Слушал Никитка Поликея и вспоминал, как сам первый раз поднялся с Левонтием на собор Успения божьей матери, что во Владимире. Снизу глядишь на него — и то видится он тебе непомерной высоты, а сверху и вовсе кажешься себе птицей. И померещится, что не облака плывут по небу, а купол вместе с тобой рассекает прозрачную синь, будто чудесная лодия. Людишки внизу крохотные, и избы прилепились друг к другу, словно игрушечные. И весь город под тобой — от края и до края: слева Золотые ворота, справа — Серебряные, а за воротами дорога вьется желтой лентой: то за деревья нырнет, то выползет на пригорок. Катится по дороге клубок белой пыли — то скачет дружина.
Тихий голос Поликея выводил его из задумчивости:
— Ловкость-то моя меня же и подвела. Прыгал я по лесам, будто козел.
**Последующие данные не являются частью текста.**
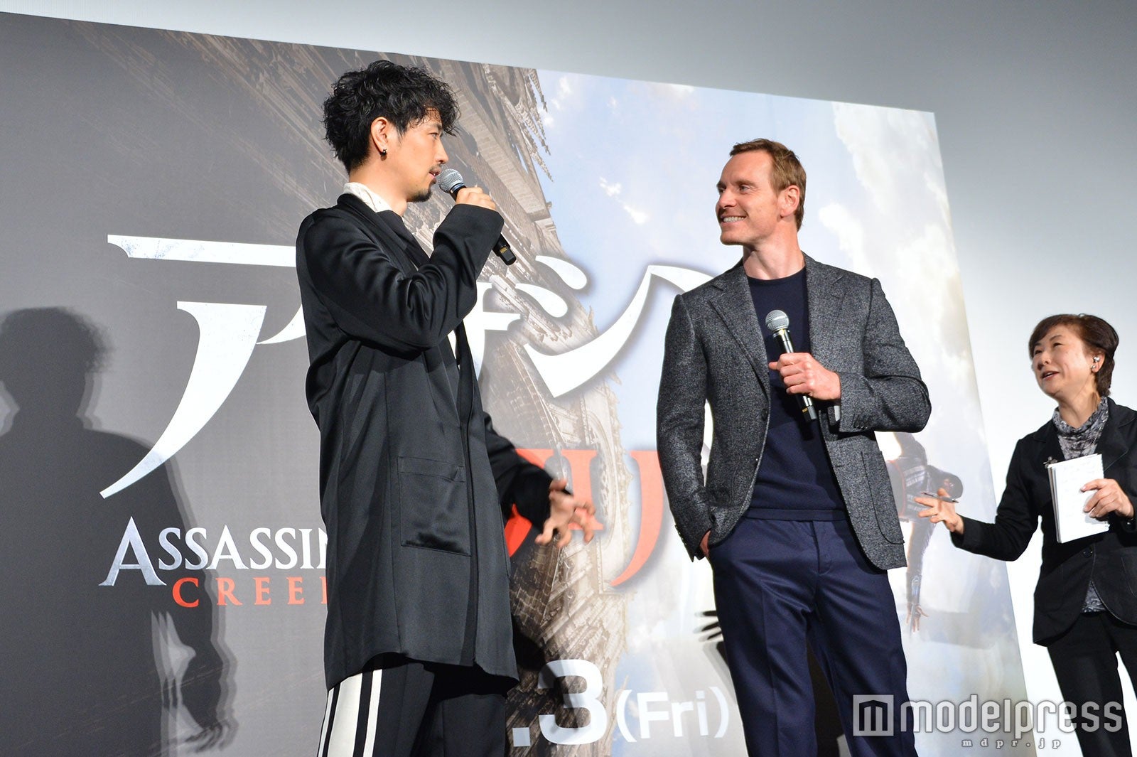 俳優の斎藤工が15日、都内にて開催された映画「アサシン クリード」(3月3日公開)のスペシャルイベントに登場。同作で主演を務めるマイケル・ファスベンダーとのトークでは、世界観溢れる“たとえ”を連発し、観客を楽しませた。

Говорили мне мастера: ох, свернешь себе, Поликей, шею. Куда там! В те поры я сам себе всех умнее казался, всех догадливее. Вот и свалился с купола...
— Жив-то как остался? — удивился Никитка.
В прошлом году у него тоже сорвался мужик с купола, так, почитай, только мешок с костями и собрали, чтобы уложить в домовину.
— Бревнышко меня выручило, бревнышко, — сказал прищурившись на пламя лучинки, Поликей. — Торчало такое бревнышко из окошка, резчики там работали.
Повис я на нем, а после уж во второй раз сорвался — к земле поближе.
— А ладно ли жили мастера? — выпытывал у него Никитка. Всё хотелось ему знать, обо всем выведать. Да только разве Поликею все припомнить? Слаб он стал на голову, забывчив, а все после того, как ходил с Монамаховой ратью на половцев.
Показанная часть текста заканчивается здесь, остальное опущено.